First: Having sex with your submissives muddies the power dynamic between you, particularly with a female dominant. I myself don't believe that women intrinsically surrender power by being sexual, but a submissive's perceptions may have been shaped by the prevailing cultural stereotypes, even if there isn't a conscious awareness of it. And if a submissive begins to expect sex from a Mistress during a scene, it changes her/his focus from "how can I serve my Mistress?" to "when am I going to get off?" If I want sex and BDSM, there are plenty of people I can have no-strings kinky sex with. But sincere and talented submissives are hard to find, and once I've got one trained to my liking, I'm not about to jeopardize such an arrangement just for a few orgasms.
Stranger Personals
The other fact is that the no-sex rule helps head off emotional confusion on the submissive's part. I may be a sadist, but it's not my style to be a cold, distant bitch-goddess to my submissives. My D/s relationships are intimate, affectionate--I incorporate my submissives into my daily life. They become part of my chosen family. When we play, I get inside the walls that my submissives have put up to protect their hearts. I take them on intense physical and emotional trips that require their utter trust in me. Each time I do this, our bond grows deeper, and that's a beautiful thing.

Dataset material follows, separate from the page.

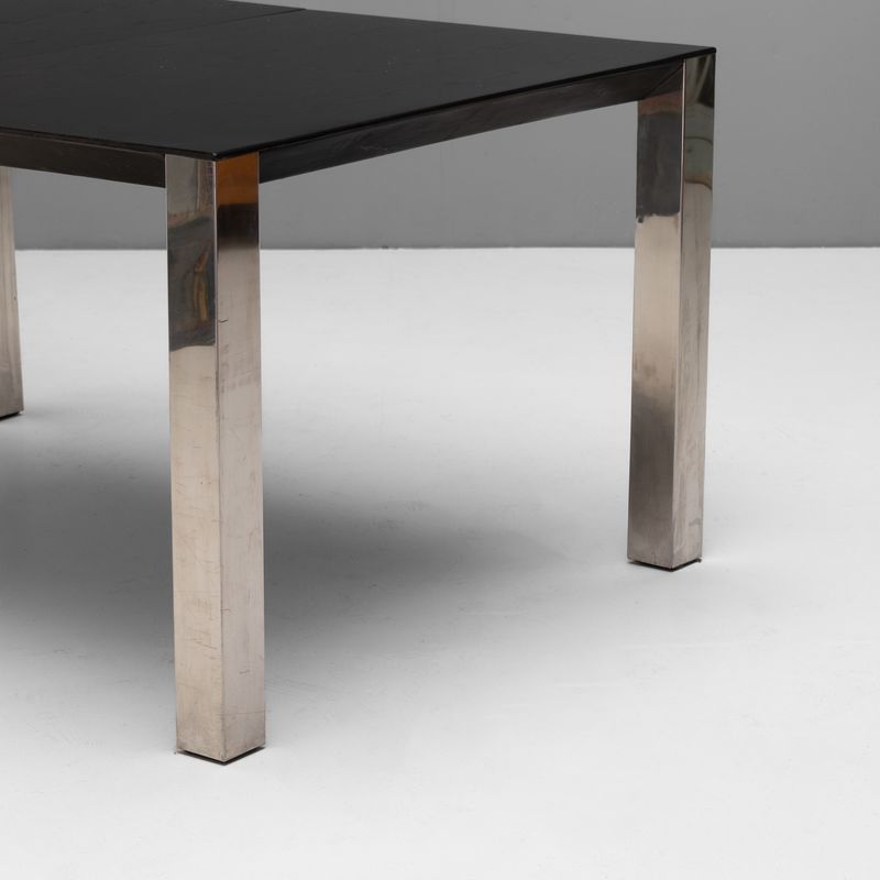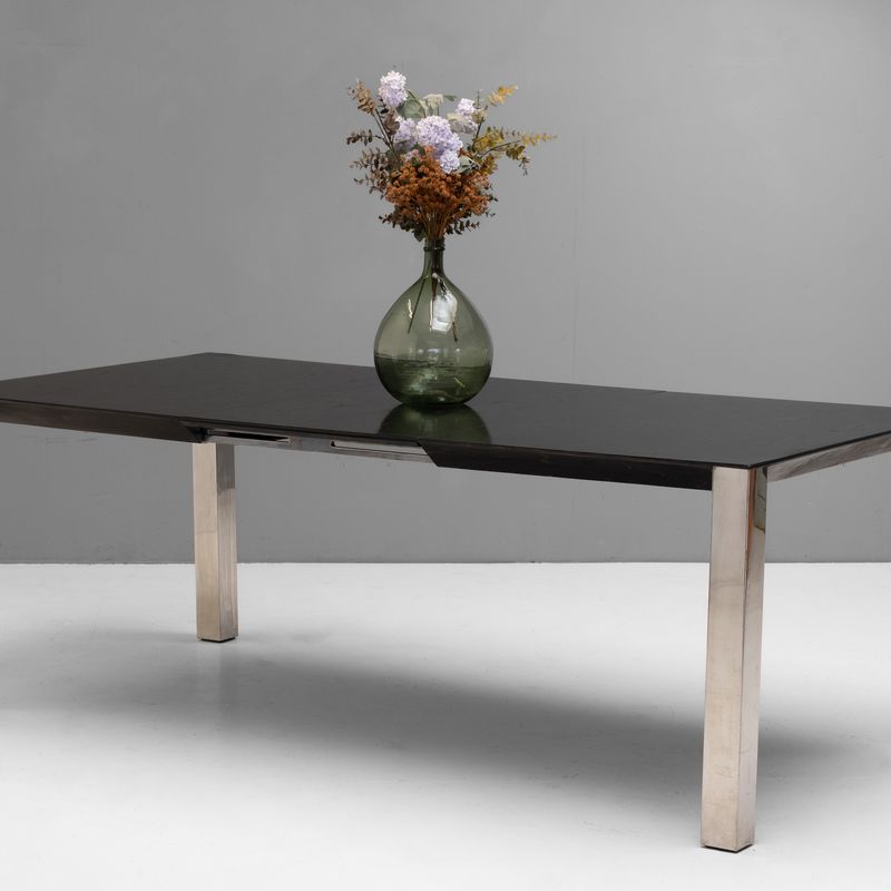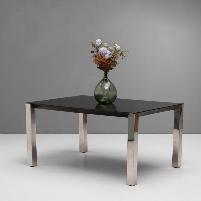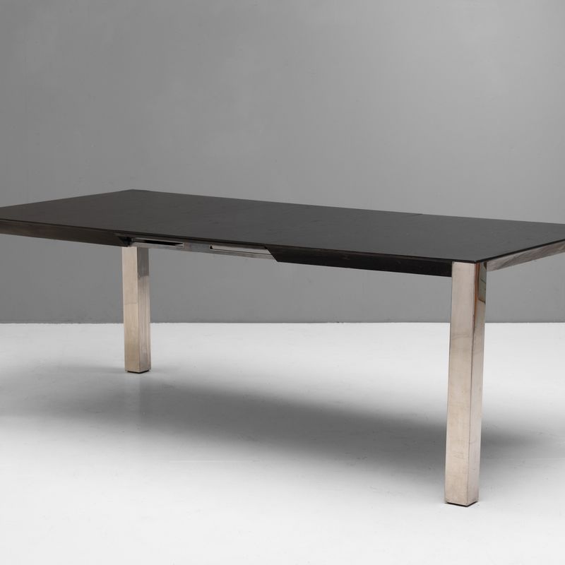 Large mid-century extending dining table with chromed legs and ebonised top. Italy circa 1960.

But I am not their lover, nor their partner--I am their Mistress, and it's important that the distinction be maintained. Otherwise a submissive may develop some white-picket-fence expectations that aren't going to be fulfilled. That leads to resentment, and nothing kills a relationship of any variety faster than simmering resentment.
Doing BDSM turns me on, and it would be easy, in the heat of a moment, to use my submissives to gratify those desires. But for me, it's about having the self-discipline to see the big picture: I don't fuck my submissive, because I don't want to fuck that relationship.